TASK DETAILS: Look through the entries below for the line with "此外 ,运输及保险费率则按运输距离阶梯设定,最高不超过5.24%。" and the line with "Praktyczny 18‑miesięczny planer", then give again exactly those two lines and all lines between them, minus the pictures.

━━━ SUPPLIED INFORMATION

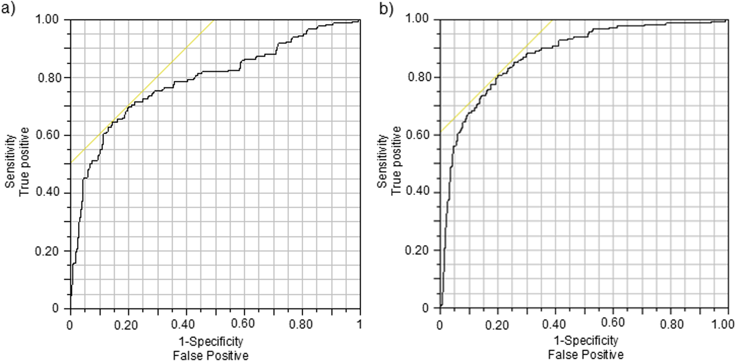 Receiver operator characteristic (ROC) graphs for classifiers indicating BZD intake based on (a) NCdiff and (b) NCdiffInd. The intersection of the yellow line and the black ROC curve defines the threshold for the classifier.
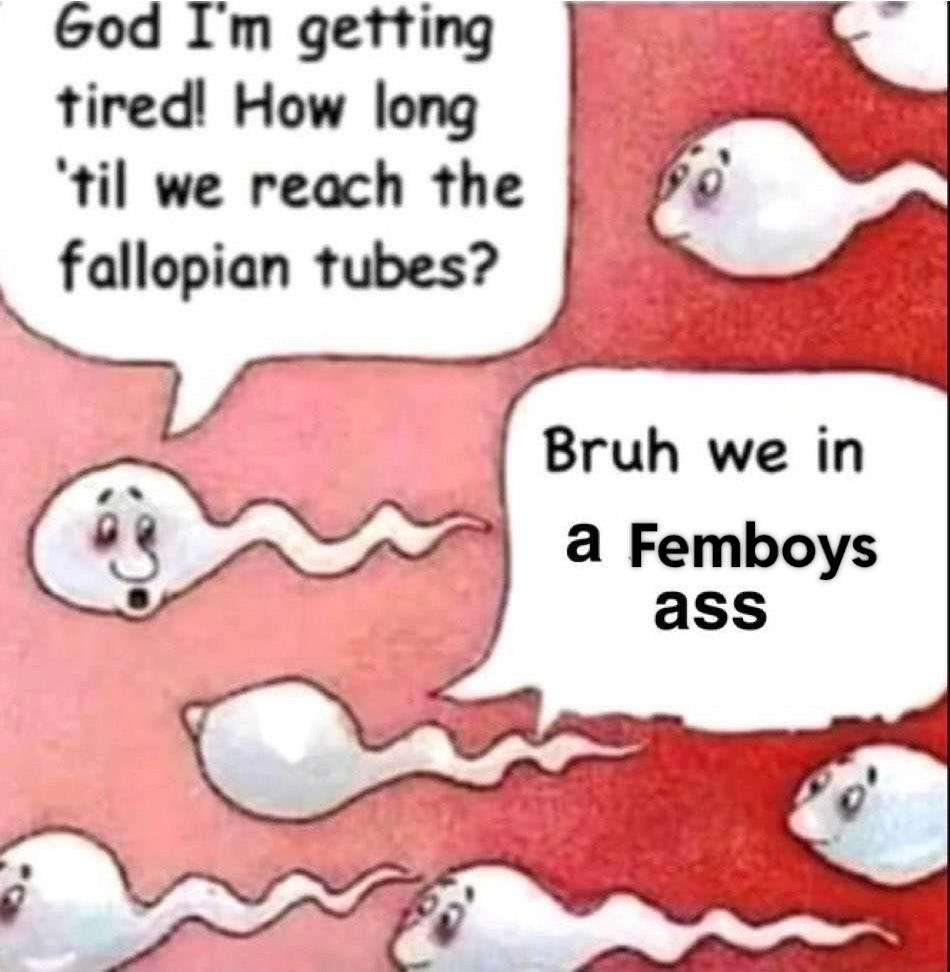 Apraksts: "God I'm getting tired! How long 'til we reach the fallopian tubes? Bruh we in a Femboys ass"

━━━━━━
━━━ SUPPLIED INFORMATION

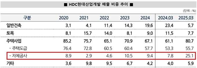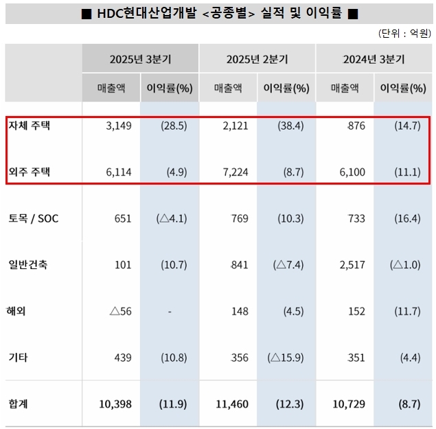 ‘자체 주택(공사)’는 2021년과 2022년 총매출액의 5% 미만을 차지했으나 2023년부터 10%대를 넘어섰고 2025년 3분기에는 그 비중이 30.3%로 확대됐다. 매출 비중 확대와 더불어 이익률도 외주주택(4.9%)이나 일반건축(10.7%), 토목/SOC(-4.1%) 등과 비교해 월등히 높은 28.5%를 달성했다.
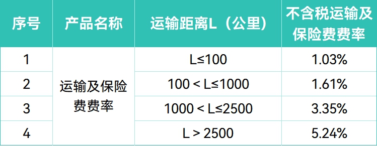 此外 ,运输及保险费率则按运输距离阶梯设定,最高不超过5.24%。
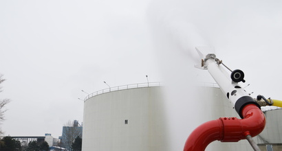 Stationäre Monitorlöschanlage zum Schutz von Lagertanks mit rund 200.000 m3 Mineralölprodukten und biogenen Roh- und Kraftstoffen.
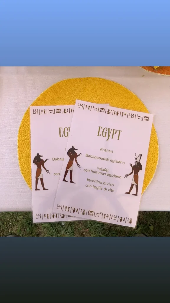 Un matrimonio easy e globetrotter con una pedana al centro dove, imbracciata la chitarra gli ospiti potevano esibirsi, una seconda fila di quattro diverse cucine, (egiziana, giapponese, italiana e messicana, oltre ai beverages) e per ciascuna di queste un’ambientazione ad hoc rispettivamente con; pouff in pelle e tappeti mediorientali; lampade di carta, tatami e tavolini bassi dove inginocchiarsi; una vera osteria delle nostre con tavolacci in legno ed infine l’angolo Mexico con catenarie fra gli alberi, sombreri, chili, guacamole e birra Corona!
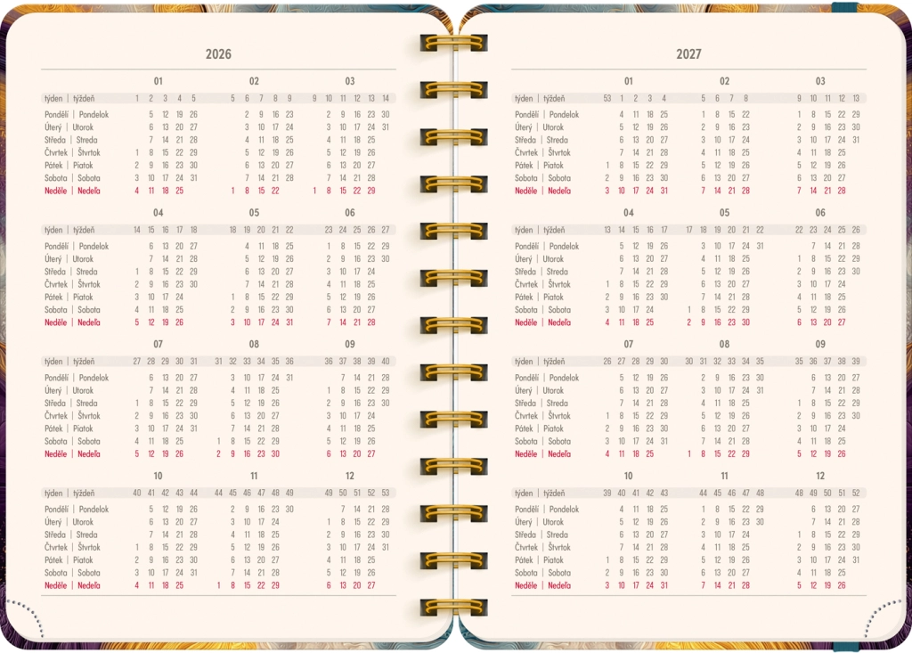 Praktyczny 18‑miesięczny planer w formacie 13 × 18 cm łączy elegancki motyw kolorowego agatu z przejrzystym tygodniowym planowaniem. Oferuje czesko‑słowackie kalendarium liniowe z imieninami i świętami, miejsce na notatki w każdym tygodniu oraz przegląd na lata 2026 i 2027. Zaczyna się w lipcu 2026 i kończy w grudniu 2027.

━━━━━━
━━━ SUPPLIED INFORMATION

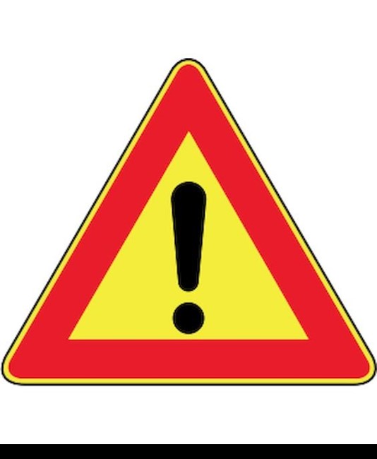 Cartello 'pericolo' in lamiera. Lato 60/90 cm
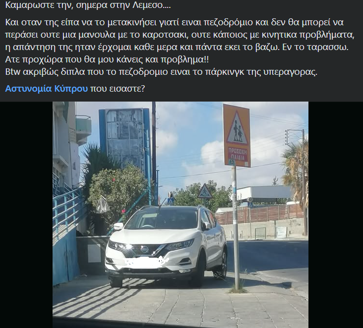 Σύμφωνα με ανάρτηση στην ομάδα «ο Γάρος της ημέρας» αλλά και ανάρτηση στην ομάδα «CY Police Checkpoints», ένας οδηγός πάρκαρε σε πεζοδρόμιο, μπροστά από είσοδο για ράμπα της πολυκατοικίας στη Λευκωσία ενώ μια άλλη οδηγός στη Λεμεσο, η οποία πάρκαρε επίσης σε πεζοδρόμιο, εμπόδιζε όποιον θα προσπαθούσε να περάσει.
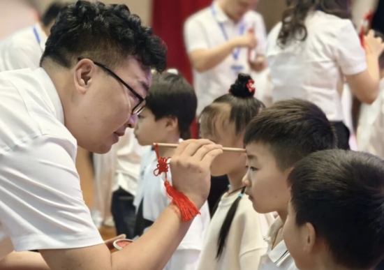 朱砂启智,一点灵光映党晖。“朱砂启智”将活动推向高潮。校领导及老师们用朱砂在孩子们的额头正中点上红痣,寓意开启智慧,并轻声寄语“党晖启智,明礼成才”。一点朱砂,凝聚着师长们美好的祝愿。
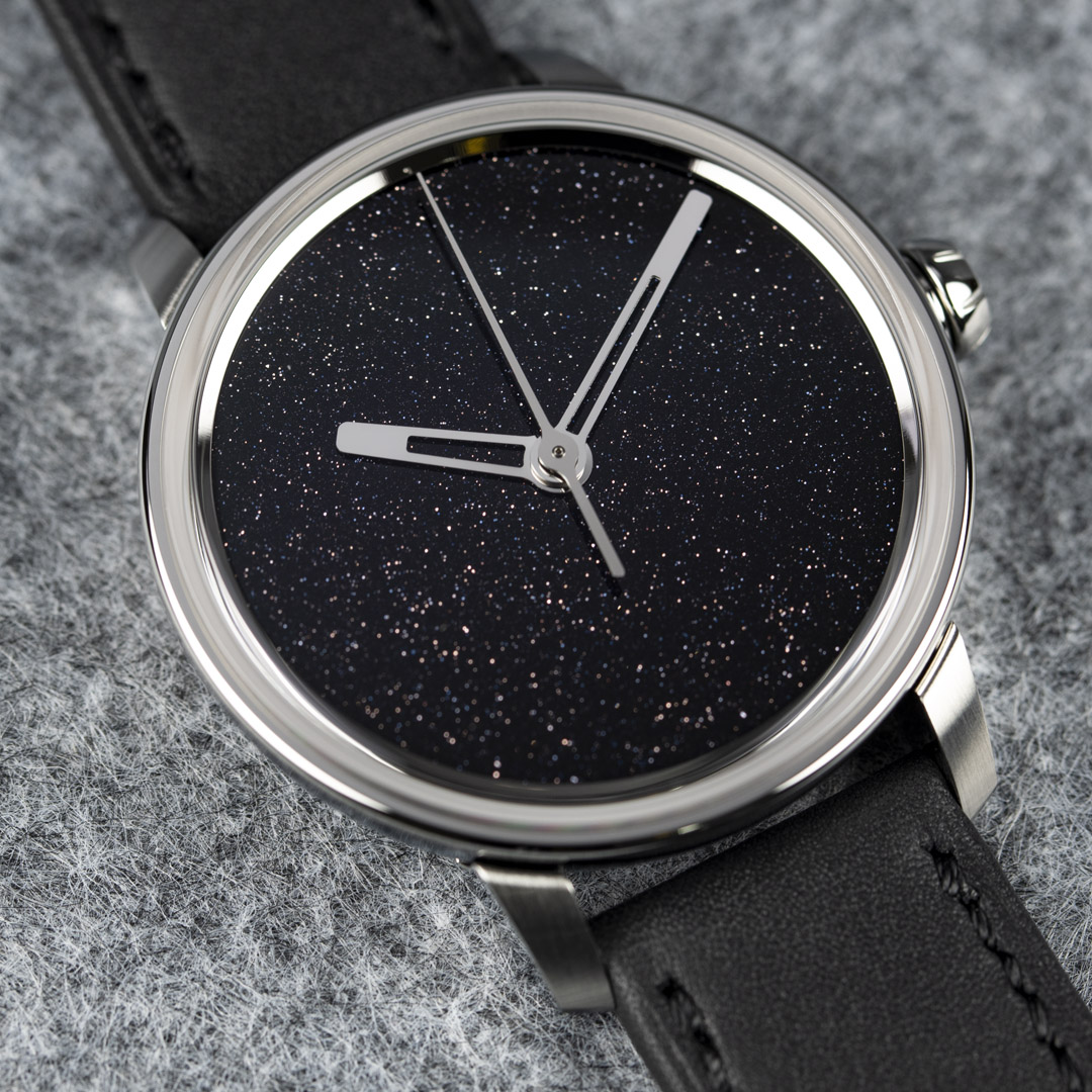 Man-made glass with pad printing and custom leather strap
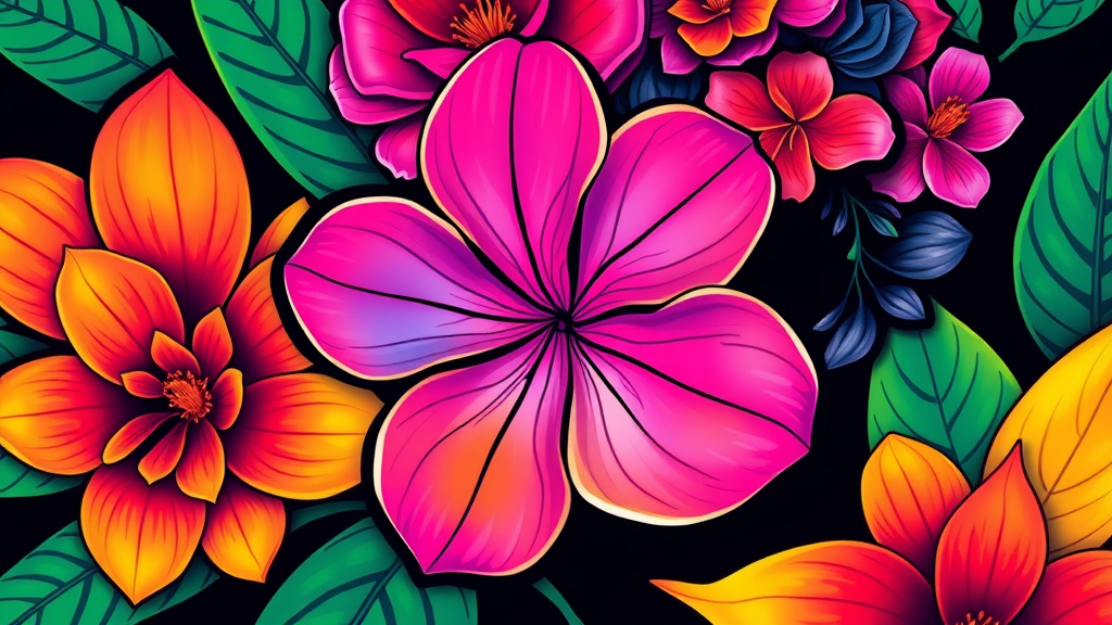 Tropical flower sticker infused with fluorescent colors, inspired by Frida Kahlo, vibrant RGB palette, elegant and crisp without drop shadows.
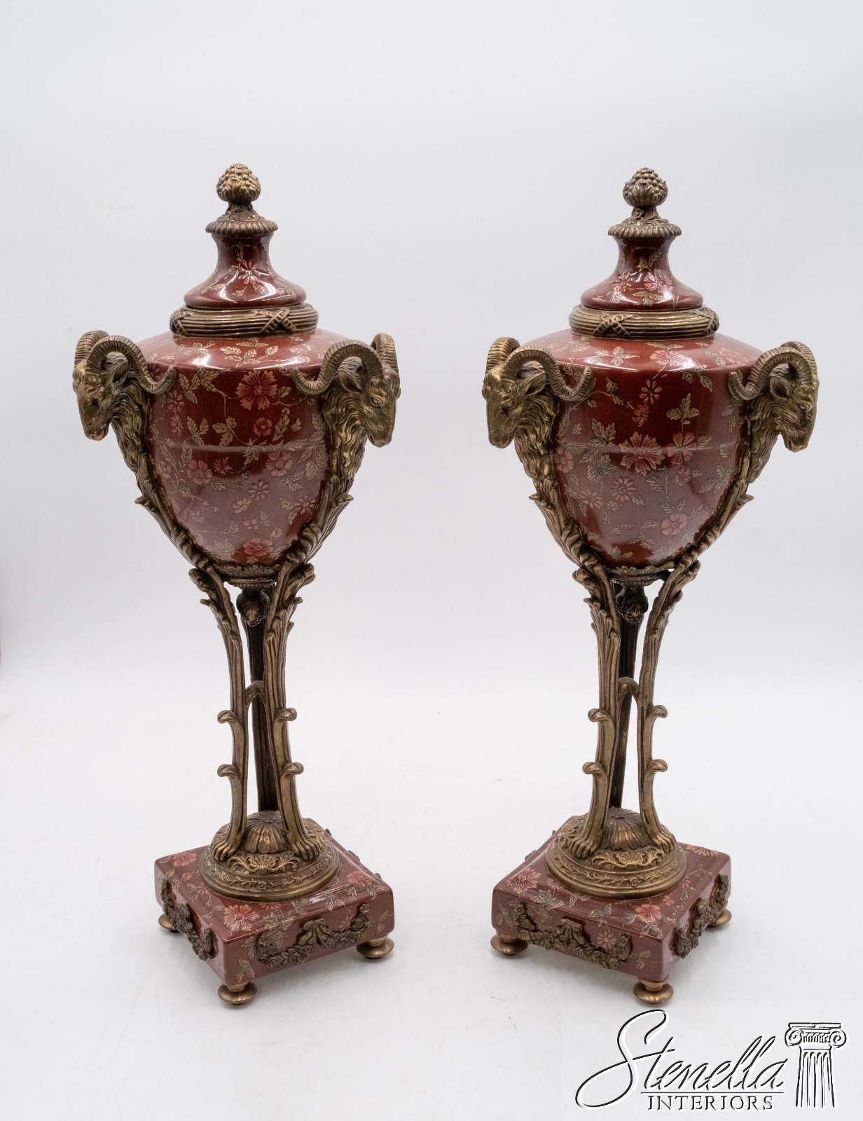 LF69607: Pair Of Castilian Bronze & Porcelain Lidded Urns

━━━━━━

WRITTEN ANSWER:
 此外 ,运输及保险费率则按运输距离阶梯设定,最高不超过5.24%。
 Stationäre Monitorlöschanlage zum Schutz von Lagertanks mit rund 200.000 m3 Mineralölprodukten und biogenen Roh- und Kraftstoffen.
 Un matrimonio easy e globetrotter con una pedana al centro dove, imbracciata la chitarra gli ospiti potevano esibirsi, una seconda fila di quattro diverse cucine, (egiziana, giapponese, italiana e messicana, oltre ai beverages) e per ciascuna di queste un’ambientazione ad hoc rispettivamente con; pouff in pelle e tappeti mediorientali; lampade di carta, tatami e tavolini bassi dove inginocchiarsi; una vera osteria delle nostre con tavolacci in legno ed infine l’angolo Mexico con catenarie fra gli alberi, sombreri, chili, guacamole e birra Corona!
 Praktyczny 18‑miesięczny planer w formacie 13 × 18 cm łączy elegancki motyw kolorowego agatu z przejrzystym tygodniowym planowaniem. Oferuje czesko‑słowackie kalendarium liniowe z imieninami i świętami, miejsce na notatki w każdym tygodniu oraz przegląd na lata 2026 i 2027. Zaczyna się w lipcu 2026 i kończy w grudniu 2027.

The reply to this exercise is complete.